The common treatment for all adhesive tests was as follows: All tests were conducted according to the ASTM guidelines modified in terms of the size of the specimen, strain rate, or area of sample treatment. The three mechanical tests relative to adhesion of Sil-MAS (n = 3) were performed using a UTM that was equipped with a 3 kgf load cell in an unconfined environment. MLB (n = 3) was used as a control. Fresh shaved rat skin from male SD rats (180–220 g) was prepared as a substrate tissue. This rat skin tissue was kept in PBS, and the moisture was wiped immediately before use. To attach rat skin tissue on glass slides and steel fixtures, instantaneous adhesives (LOCTITE401, Henkel, Rocky Hill, CN, USA) were used. Different quantities of sealants (l-Sil-MAS and MLB) and UV treatment times for each test were used for the experiments. All tests of physical properties were performed in a room under strictly controlled conditions (80% humidification, room temperature) to prevent drying out.

(1) In vitro lap shear test: The strength properties of sealants in lap shear by tension loading were analyzed according to the ASTM F2255–05 standard. Rat skin (2.5 cm × 2.5 cm) was attached on the edge of the short side of two glass slides (9 cm × 2.5 cm). Next, 300 µL of each sealant was uniformly placed on the skin. Then, the other tissue-coated slide was symmetrically covered with sealants. The Sil-MAS group was irradiated with UV light (20 s) from every direction, and the MLB group was allowed to dry at room temperature. These assembled slides were loaded in a UTM for shear testing by tensile loading with a strain rate of 2 mm/min. The point of detachment was fixed as the maximum load. Shear strength (kPa) was the maximum load (N) divided by the bonding area (0.5 cm2). To visualize the adhesive strength of Sil-MAS, 300 µL of l-Sil-MAS (2.5 cm × 2.5 cm) was applied between a 0.9 kg wrench and a plastic ruler, and after UV crosslinking (20 s), the ruler was lifted for 2 h.

(2) Pull-off adhesion strength: The strength properties of sealants in tension were quantified according to the ASTM F2258–05 standard. The test aims to measure the adhesive tensile strength of Sil-MAS in conjunction with the skin tissue and the force necessary to separate this bond. Two rat skin tissues (2 cm × 2 cm) were attached on the steel fixtures with 2 cm in each dimension. Then, 300 µL of each sealant was uniformly placed on the skin on the bottom side of the steel fixture. The gap between the fixtures was set at 2 mm. The Sil-MAS group was irradiated with UV light (20 s) from every direction, and the MLB group was allowed to dry at room temperature. A transient tensile test at a constant transducer speed of 5 mm/min was performed until complete sealant-skin substrate seal failure. The adhesion strength of sealants was determined by dividing the maximum load detected in the pull-off curve by the bonding area (4 cm2).

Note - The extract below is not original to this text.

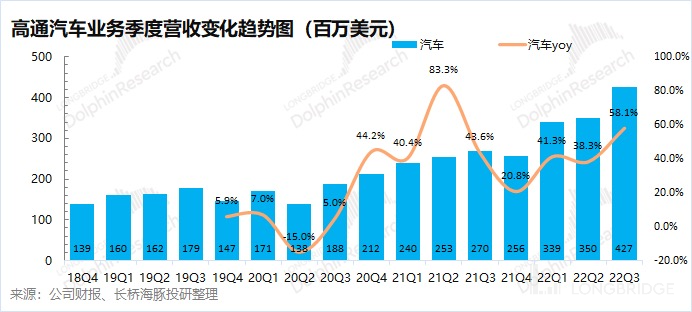 汽车业务,主要包括远程信息处理器件、连接和信息娱乐系统器件产品。随着新能源车的普及,高通的汽车业务也迎来的持续高增长的表现。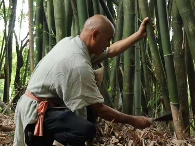 圖為肖云發師傅精心挑選竹子 陳慧賢攝

(3) In vitro wound closure strength: The wound closure strength of the sealants was tested according to the ASTM F2458–05 standard, which is specifically focused on determining the wound closure strength of medical glue. The rat skin was cut into rectangular shapes 2.5 cm × 2.5 cm in size. The tissues were fixed onto two glass slides (9 cm × 2.5 cm) with 1.5 mm spaces between the slides. The center of the tissue was cut using a razor blade to mimic wound injury. Then, 400 µL of each sealant was uniformly applied onto the cut area (0.5 cm × 0.5 cm), and UV light was applied to crosslink the sealant from every direction. These assembled slides were placed carefully into the UTM by tensile loading with a strain rate of 5 mm/min. The point of tearing was defined as the wound closure strength (kPa).

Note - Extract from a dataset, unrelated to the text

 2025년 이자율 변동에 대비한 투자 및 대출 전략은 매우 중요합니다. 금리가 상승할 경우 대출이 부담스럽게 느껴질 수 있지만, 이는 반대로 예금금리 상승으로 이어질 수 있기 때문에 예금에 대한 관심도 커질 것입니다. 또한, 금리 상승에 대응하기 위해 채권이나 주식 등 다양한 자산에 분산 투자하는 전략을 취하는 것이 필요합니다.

Ex vivo porcine aorta burst pressure test

The burst pressure testing of Sil-MAS (n = 3) was conducted using a modified setup for determining vessel seal burst strength18. Briefly, fresh porcine aortas (diameter 1.8 cm) from a local slaughterhouse (Hongcheon, Korea) were immersed in saline, and the experiment was carried out within 10 h after the aorta harvest. The aorta was cut into 15 cm segments, and an infusion catheter (diameter 2 cm) was fitted in one opened side of the aorta. The orifice diameter of the tube was larger than that of the aorta so that the aorta covered the tube very tightly. The other opened side of the aorta was gripped by a curved mosquito clamp. The catheter was connected to a syringe pump (PILOT Anaesthesia 2, Fresenius Vial Corp., Brezins, France), which was connected to a patient monitor (MP1000NT PLUS, MEK Corp., Giheung, Korea) to verify the intraluminal pressure. Then, a small incision (3 and 9 mm length) was made by scalpel (#15) in the middle of the aorta, and 200 µL of l-Sil-MAS was placed onto the sectioned area and photocrosslinked by UV light (20 s).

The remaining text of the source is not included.